* _Aim of the exercise_:
What is needed is every line from the one holding "Florianópolis, 27.01.2017 –" to the last line of the data below, printed exactly and without pictures.
BEGIN Data
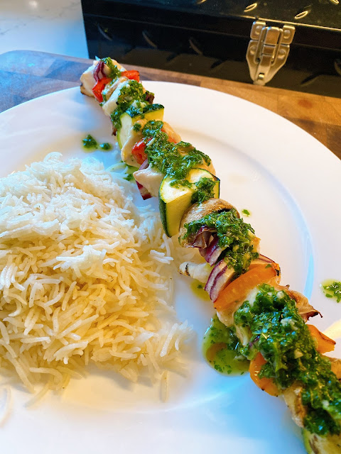 We like to eat light in this heat. After a day at the beach with HBear I made Tequila-Lime Chicken Kabobs with rice and it was EXACTLY the right dinner! We loved the bright flavours and the lightness of the entire dinner. The veggies were crispy, the chicken was juicy and the sauce was a flavour bomb! Better yet all the herbs were from my little patio garden 💚.
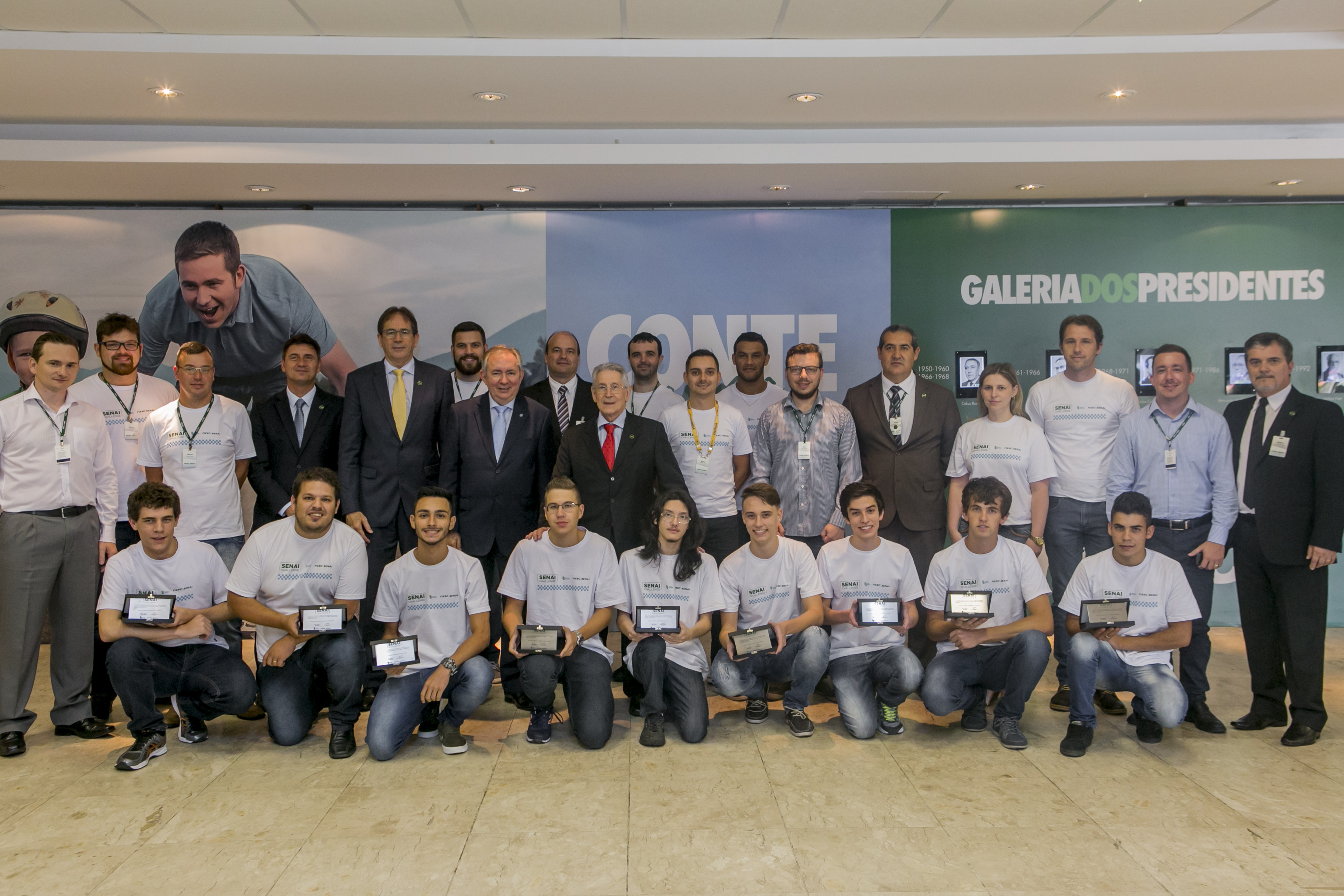 Florianópolis, 27.01.2017 – Os alunos e docentes das equipes vencedoras dos Desafios SENAI Challenge 2016 foram homenageados pela diretoria da FIESC, reunida nesta sexta (27), em Florianópolis. Lançada em 2016, a iniciativa tem o objetivo de aliar teoria e prática em cursos técnicos da instituição. Na sua primeira edição, foram realizados desafios em kart elétrico (para estudantes de mecânica), Robótica Móvel (para cursos de automação e mecatrônica) e soluções digitais (para alunos de cursos da área de informática).
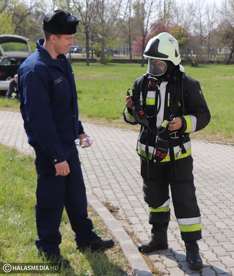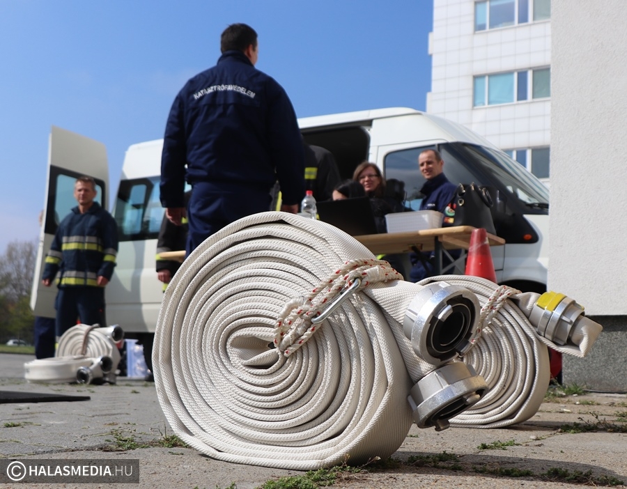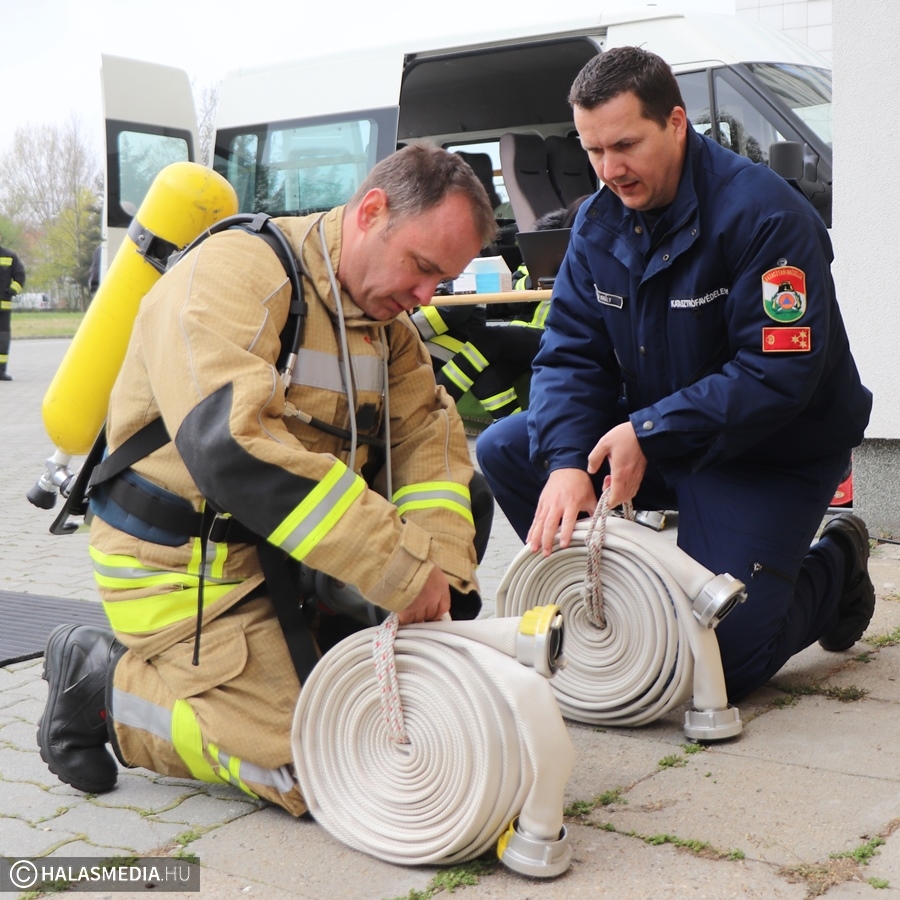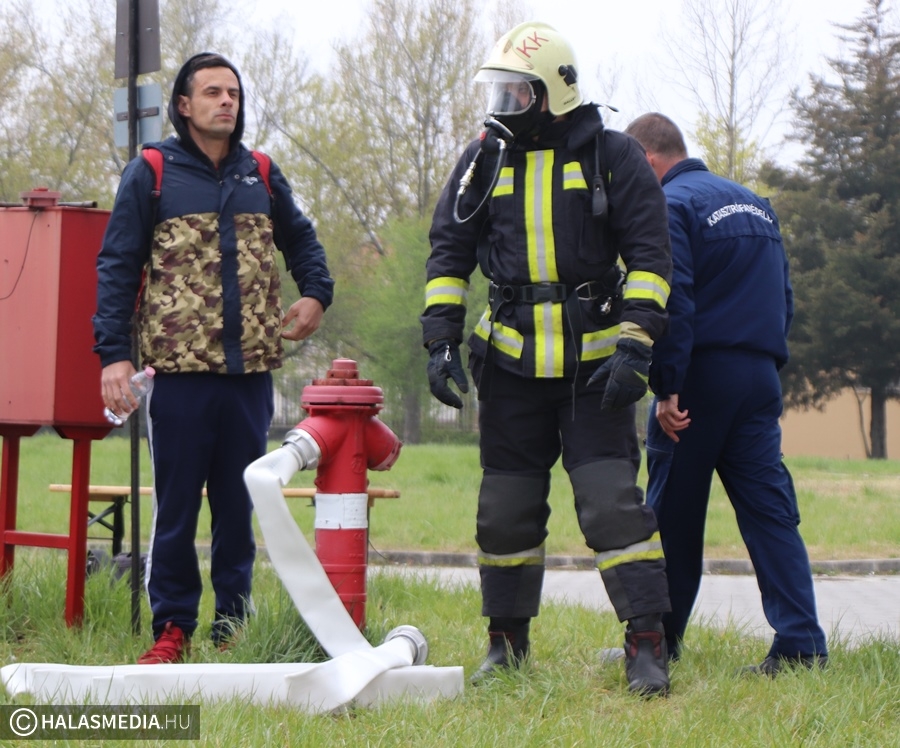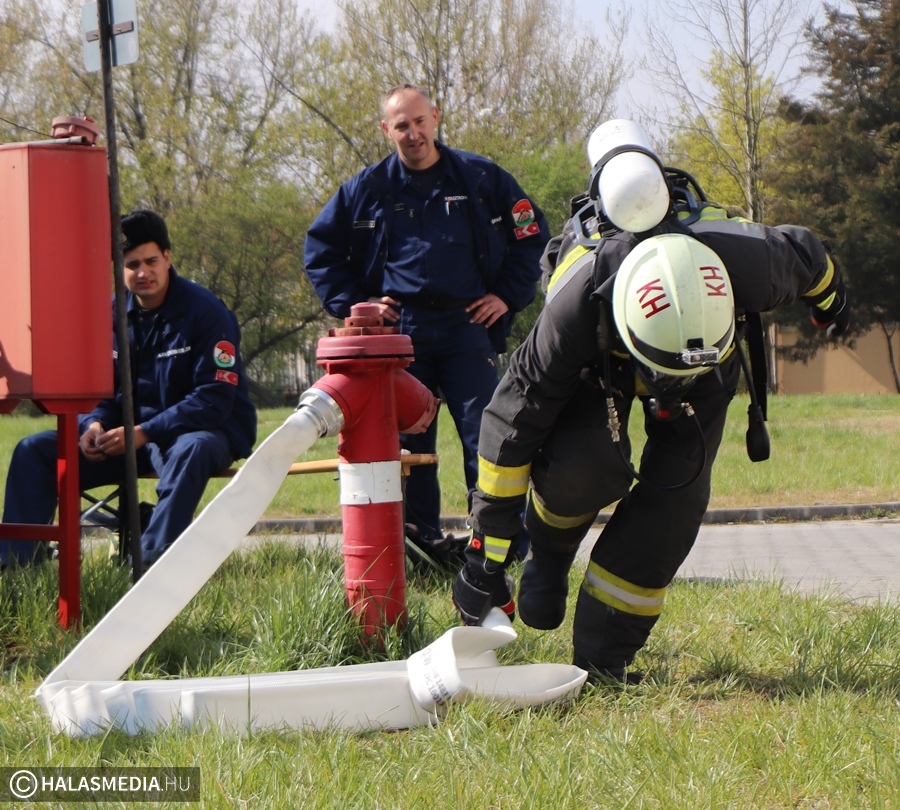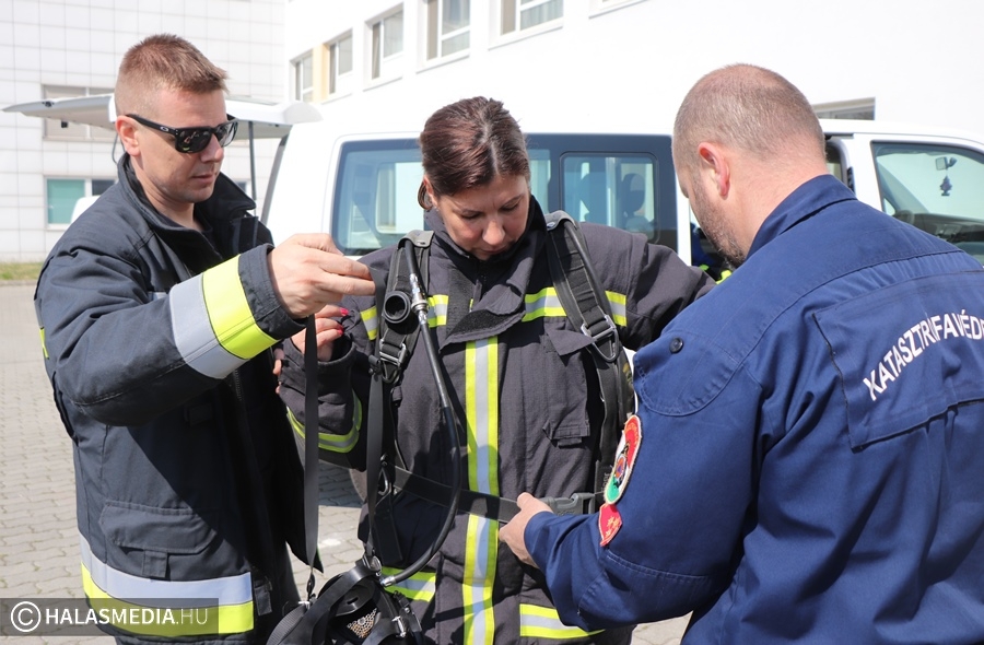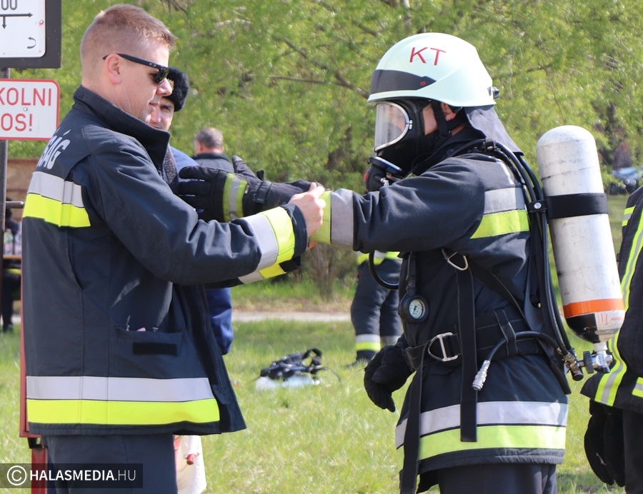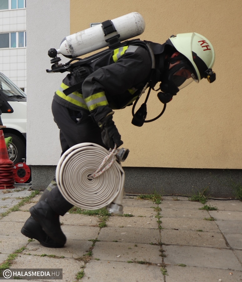 A védőruha, a légzőkészülék, a palack, a sisak, valamint a két tömlő legalább 30 kilónyi plusz terhet jelentett a közel 100 lépcsőfok mellett minden nevezőnek. Az elmúlt hetekben komoly gyakorlás zajlott a tűzoltóságokon, hogy mindenki teljesítse a versenyszámot. A tiszti állomány mellett a Kiskunhalasi Katasztrófavédelmi Kirendeltség vezetője, Babud Jenő ezredes és Gyapjas János ezredes, a Bács-Kiskun Megyei Katasztrófavédelmi Igazgatóság igazgatóhelyettese is vállalta a kihívást. Egyetlen női versenyzőként pedig Hölzl Krisztina főhadnagy öltött magára védőruhát és nekivágott a kilenc emeletnek.
END Data
* _Answer to the exercise_:
 Florianópolis, 27.01.2017 – Os alunos e docentes das equipes vencedoras dos Desafios SENAI Challenge 2016 foram homenageados pela diretoria da FIESC, reunida nesta sexta (27), em Florianópolis. Lançada em 2016, a iniciativa tem o objetivo de aliar teoria e prática em cursos técnicos da instituição. Na sua primeira edição, foram realizados desafios em kart elétrico (para estudantes de mecânica), Robótica Móvel (para cursos de automação e mecatrônica) e soluções digitais (para alunos de cursos da área de informática).
 A védőruha, a légzőkészülék, a palack, a sisak, valamint a két tömlő legalább 30 kilónyi plusz terhet jelentett a közel 100 lépcsőfok mellett minden nevezőnek. Az elmúlt hetekben komoly gyakorlás zajlott a tűzoltóságokon, hogy mindenki teljesítse a versenyszámot. A tiszti állomány mellett a Kiskunhalasi Katasztrófavédelmi Kirendeltség vezetője, Babud Jenő ezredes és Gyapjas János ezredes, a Bács-Kiskun Megyei Katasztrófavédelmi Igazgatóság igazgatóhelyettese is vállalta a kihívást. Egyetlen női versenyzőként pedig Hölzl Krisztina főhadnagy öltött magára védőruhát és nekivágott a kilenc emeletnek.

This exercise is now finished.